(SOURCE MATERIAL begins)

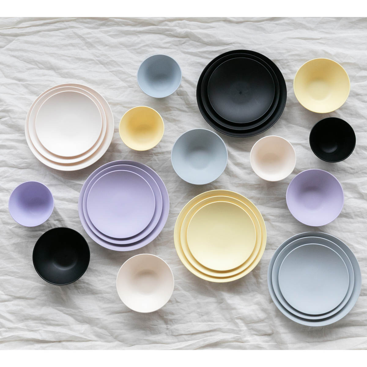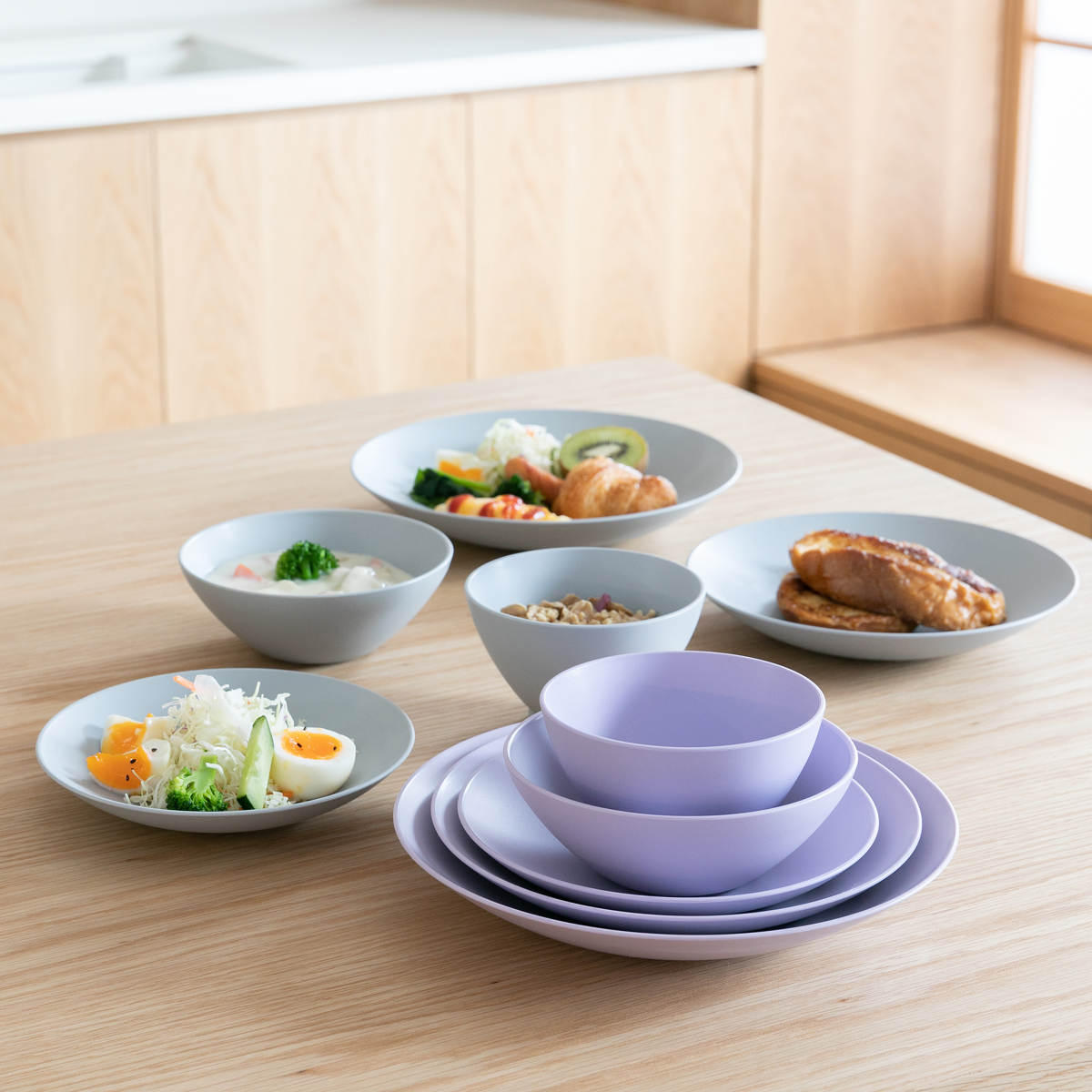 お米由来の国産バイオマスプラスチック「ライスレジン(R)」で作られた地球に優しい食器シリーズ「ほわり」。古米や廃棄米を使用することによって持続可能な社会への貢献にも繋がります。豊富なカラーリングと、陶器にも遜色ないフォルムが魅力です。
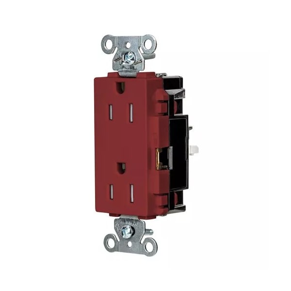 Receptacle, Connection Orientation Straight, Cover Type No Cover, Current Rating 15 A, GFCI No, Grounding Grounded, Hazardous Location Specification Not Applicable, Housing Color Red, Housing Material Thermoplastic, Mount Type Surface, NEMA Enclosure Rating 1, NEMA Receptacle Configuration 5-15R, Number of Gangs 1, Number of Poles 2, Number of Wires 3, Phase Single, Polarized Yes, Receptacle Type Decorator Duplex, Resistance Properties Tamper Resistant
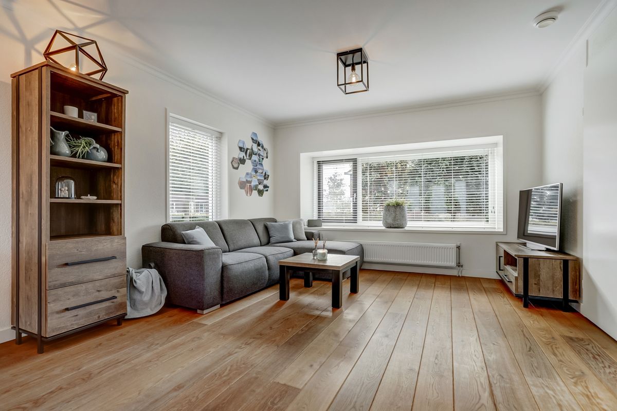 Vanuit de hal stap je door naar de woonkamer waar de houten vloer naadloos doorloopt. De woonkamer is heerlijk licht dankzij de grote raampartij aan de voorzijde, het extra zijraam en de dubbele tuindeuren met glazen zijpanelen aan de achterzijde, een echte doorzonkamer dus! De sierlijsten aan het plafond en de karakteristieke vloer geven het geheel een warme, gezellige sfeer.
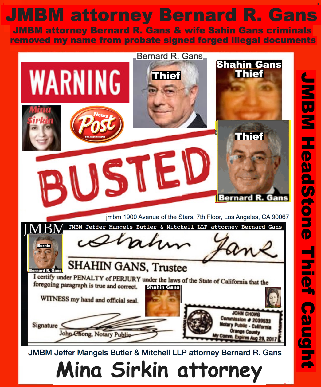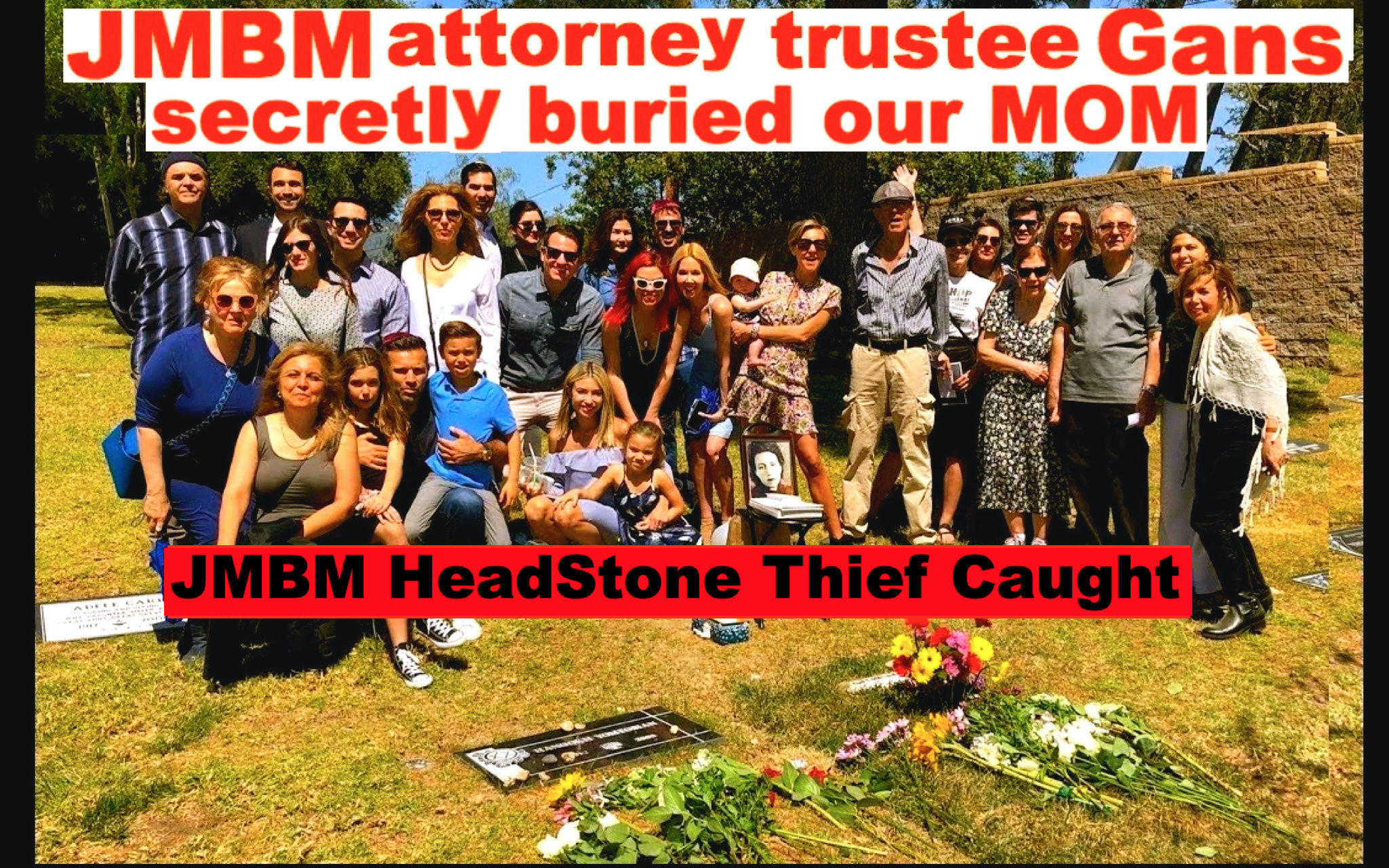Century City Police 90067 Department JMBM attorney Thief Bernard R. Gans Jeffer Mangels Butler & Mitchel LLP JMBM attorney JMBM Partner Gans Strikes Out thief you have 24 hours to place the headstone or we are going to Century City Police department to report your crimes JMBM Partner Bernard Gans practicing Law without a Law License.
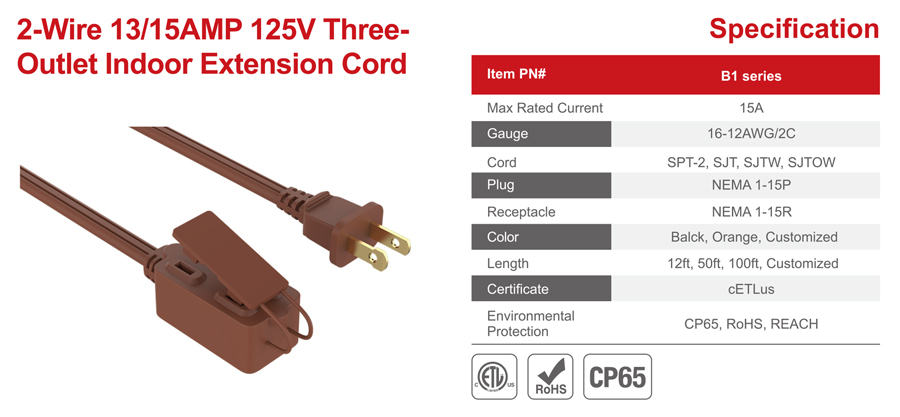 2-WIRE 13AMP 125V THREE-OUTLET
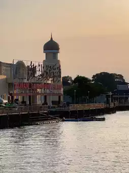 Sat by the riverside, watching silhouettes of the mosque and mini monuments glowing in the last light of the day…
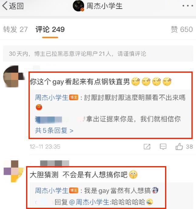 随后,周杰还在评论下面称自己是gay,有人想搞他。
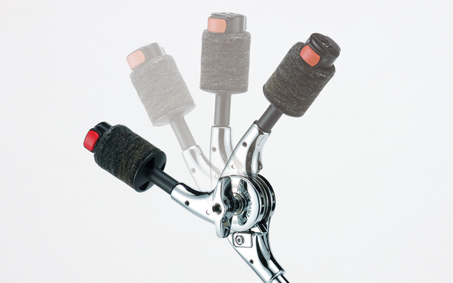 By simply gripping and pressing the two buttons on the both sides, users can attach and remove the Cymbal Mate with just one touch, making cymbals setup/breakdown a snap. Like our standard Cymbal Mate: fine adjustments to the cymbal's swinging motion can be made by rotating the unit.
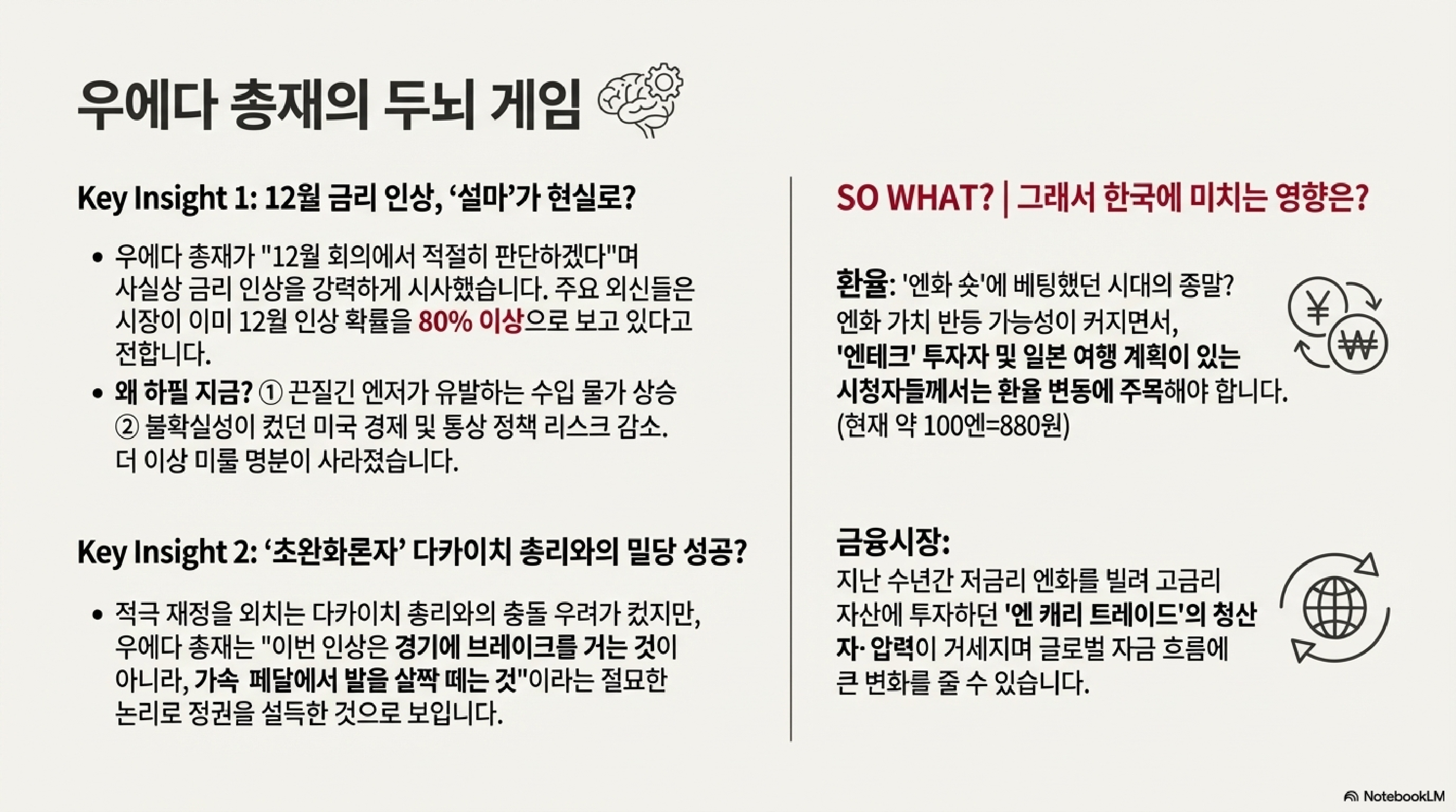 사건의 발단은 우에다 가즈오 일본은행 총재의 입에서 나왔습니다. 그는 최근 기자회견에서 시장의 예상을 뛰어넘는 발언을 쏟아냈습니다. 만약 금리를 올리더라도 "여전히 완화적인 상황일 것(まだ緩和的な状況だ)"이라고 말하며 금리 인상의 충격이 크지 않을 것이라는 밑밥을 깔았습니다. 결정적으로, 오는 12월 금융정책결정회의에서 "금리 인상의 장단점을 적절히 판단하겠다"고 못을 박았습니다. 이는 수십 년간 약한 불로만 뭉근하게 끓이던 셰프가 "이제 슬슬 불을 좀 올려볼까 합니다"라고 공식 선언한 것이나 다름없습니다. 시장이 발칵 뒤집힌 것은 당연한 수순이었습니다.
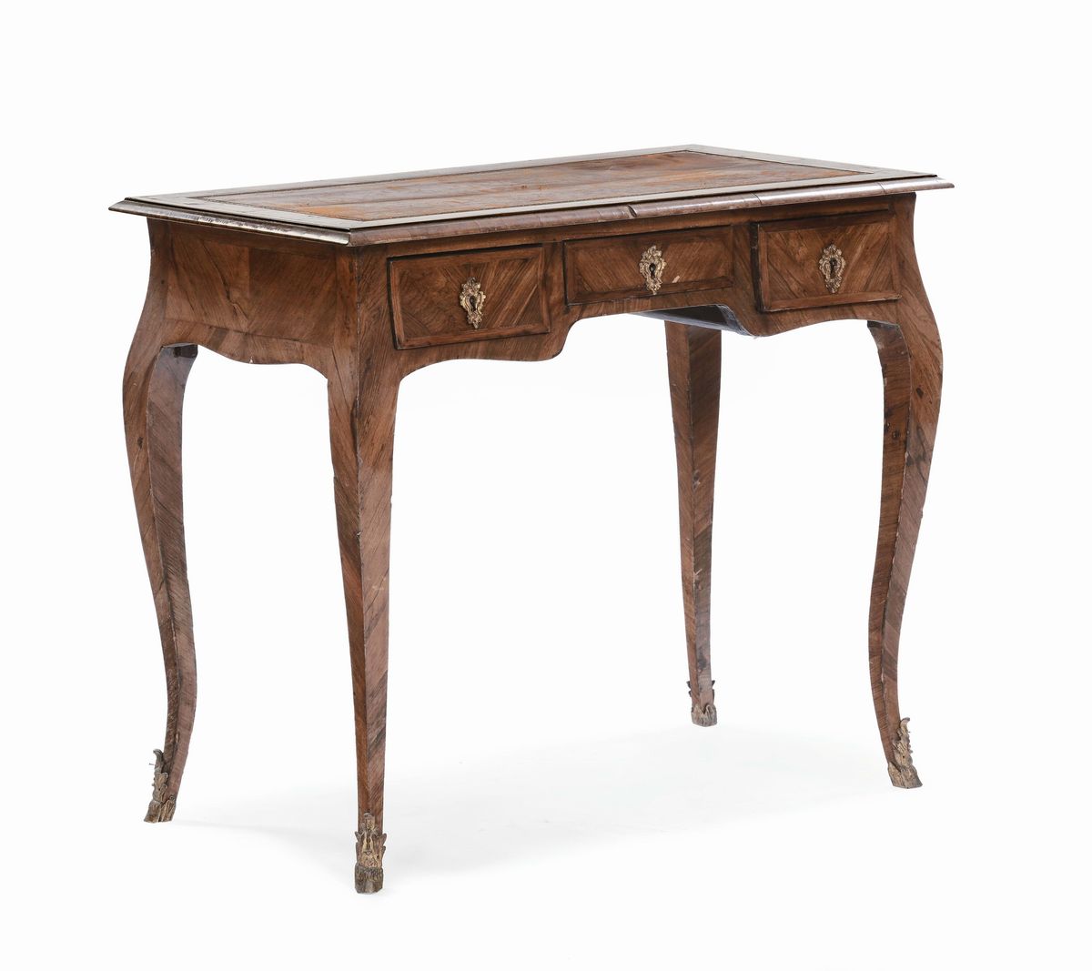 tre cassetti sulla fascia, gambe arcuate con scarpette in bronzo dorato, cm (difetti)

(SOURCE MATERIAL ends)

◆ REQUIRED WORK ◆
Please return, exactly as written, the lines from the first line of the records above through the line containing "Receptacle, Connection Orientation", both included, leaving out any pictures.

◆ WRITTEN RESPONSE ◆
 お米由来の国産バイオマスプラスチック「ライスレジン(R)」で作られた地球に優しい食器シリーズ「ほわり」。古米や廃棄米を使用することによって持続可能な社会への貢献にも繋がります。豊富なカラーリングと、陶器にも遜色ないフォルムが魅力です。
 Receptacle, Connection Orientation Straight, Cover Type No Cover, Current Rating 15 A, GFCI No, Grounding Grounded, Hazardous Location Specification Not Applicable, Housing Color Red, Housing Material Thermoplastic, Mount Type Surface, NEMA Enclosure Rating 1, NEMA Receptacle Configuration 5-15R, Number of Gangs 1, Number of Poles 2, Number of Wires 3, Phase Single, Polarized Yes, Receptacle Type Decorator Duplex, Resistance Properties Tamper Resistant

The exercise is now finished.